Mastering Date Manipulation in PySpark

Time-based data processing is a critical aspect of data engineering, and PySpark provides a rich set of functions to handle date and time efficiently.
1. Extracting Year from a Date Column
Problem: Extract the year from the column event_date.
Solution
from pyspark.sql import SparkSession
from pyspark.sql.functions import year
spark = SparkSession.builder.appName("ExtractYear").getOrCreate()
data = [("2023-04-15",), ("2022-11-30",), ("2021-08-25",)]
df = spark.createDataFrame(data, ["event_date"])

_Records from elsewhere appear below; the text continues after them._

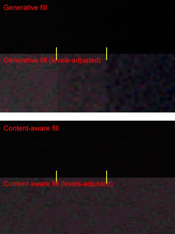 I'm sure this applies to other use-cases as well, but to me it appears most evident in dark backgrounds when using a text-prompt. Generative Fill applies a relatively strong tone-difference, where you can easily see the edges of the Generative Fill, whereas Content-Aware fill does much better job. Observe 2 x Generative Fill vs. 2 x Content-Aware Fill: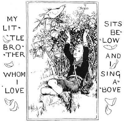 One day the rose-tree flowered. It was spring and there among the flowers was a white bird; and it sang, and sang, and sang like an angel out of heaven. Away it flew, and it went to a cobbler's shop, and perched itself on a tree hard by; and thus it sang: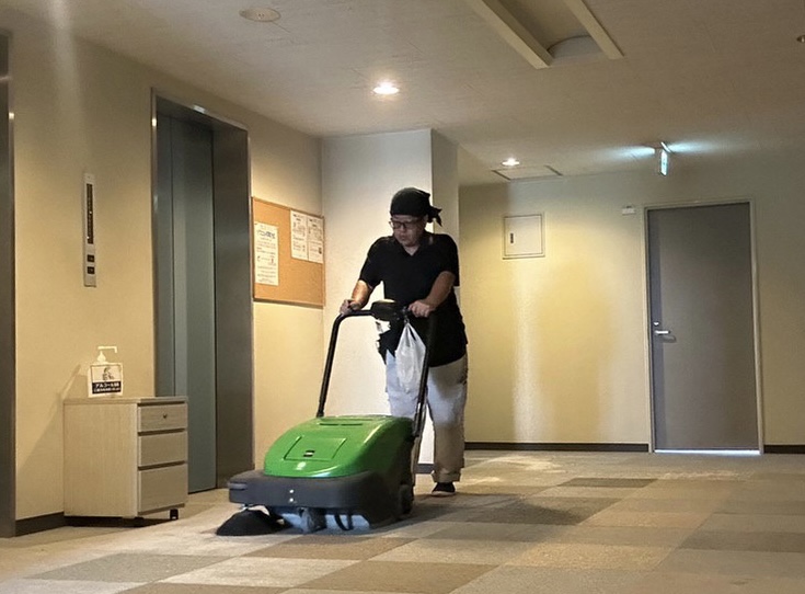 この‪‪‪ スイーパーという機械でカーペットに入り込んだホコリや小砂を取っていきます!
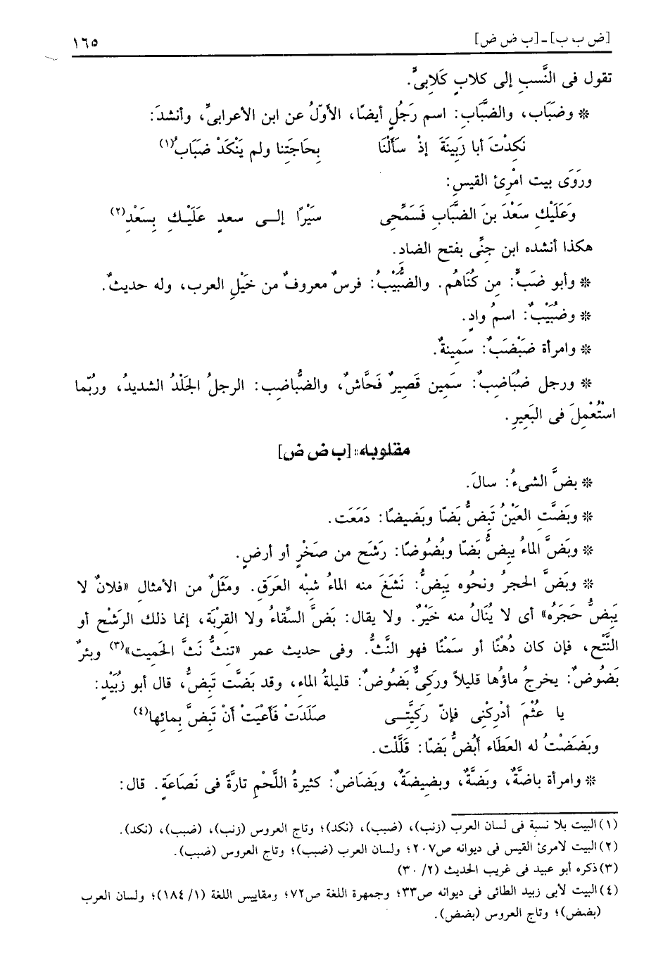 هكذا أنشده ابن جِنِّي بفتح الضادِ وأبو ضَبٌّ مِن كُنَاهُم والضُّبْيبُ فرسٌ معروفٌ من خَيْلِ العرب وله حديثٌ وضُبَيْبٌ اسمُ وادٍ وامرأة ضَبْضَبٌ سَمِينةٌ ورجل ضُبَاضِبٌ سَمِين قَصِيرٌ فَحَّاشٌ والضُّباضِب الرجلُ الجَلْدُ الشديدُ ورُبّما اسْتُعْمِلَ في البَعِيرِ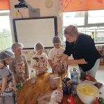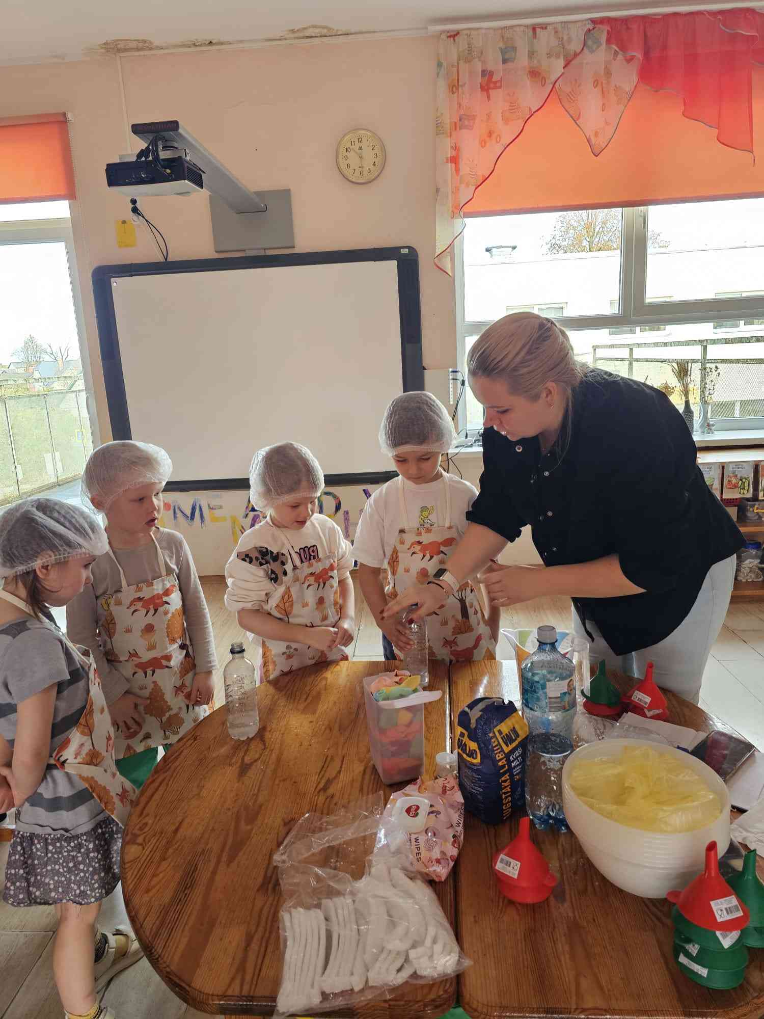 20.10.2025. bērni no 5.,11.un 4. grupām piedalījās STEM projekta nodarbībā ”Burbuļu maize – rauga darbības rezultāts”.

df = df.withColumn("year", year(df.event_date))
df.show()
2. Date Difference Calculation
Problem: Calculate the difference in days between start_date and end_date.
Solution
from pyspark.sql.functions import datediff, to_date
data = [("2023-01-01", "2023-02-01"), ("2023-03-15", "2023-03-20")]
df = spark.createDataFrame(data, ["start_date", "end_date"])
df = df.withColumn("start_date", to_date(df.start_date, "yyyy-MM-dd"))
df = df.withColumn("end_date", to_date(df.end_date, "yyyy-MM-dd"))
df = df.withColumn("date_diff", datediff(df.end_date, df.start_date))
df.show()
3. Filter Records Based on Date
Problem: Filter records where event_date is after 2023-06-01.
Solution
from pyspark.sql.functions import col
data = [("2023-05-15",), ("2023-07-20",), ("2023-06-05",)]
df = spark.createDataFrame(data, ["event_date"])
df_filtered = df.filter(col("event_date") > "2023-06-01")
df_filtered.show()
4. Add Days to a Date
Problem: Add 30 days to order_date.
Solution
from pyspark.sql.functions import date_add
data = [("2023-01-10",), ("2023-06-15",), ("2023-07-30",)]
df = spark.createDataFrame(data, ["order_date"])
df = df.withColumn("new_date", date_add(df.order_date, 30))
df.show()
5. Find the Maximum Date
Problem: Determine the latest date from payment_date.
Solution
from pyspark.sql.functions import max
data = [("2023-02-15",), ("2023-06-25",), ("2023-01-10",)]
df = spark.createDataFrame(data, ["payment_date"])
df_max = df.agg(max("payment_date").alias("max_date"))
df_max.show()
6. Truncate Date to First Day of Month
Problem: Truncate sale_date to the first day of its respective month.
Solution
from pyspark.sql.functions import trunc
data = [("2023-04-12",), ("2023-07-23",), ("2023-08-05",)]
df = spark.createDataFrame(data, ["sale_date"])
df = df.withColumn("first_day_of_month", trunc(df.sale_date, "MM"))
df.show()
7. Group by Year
Problem: Group records by year extracted from transaction_date.
Solution
df = df.withColumn("year", year(df.transaction_date))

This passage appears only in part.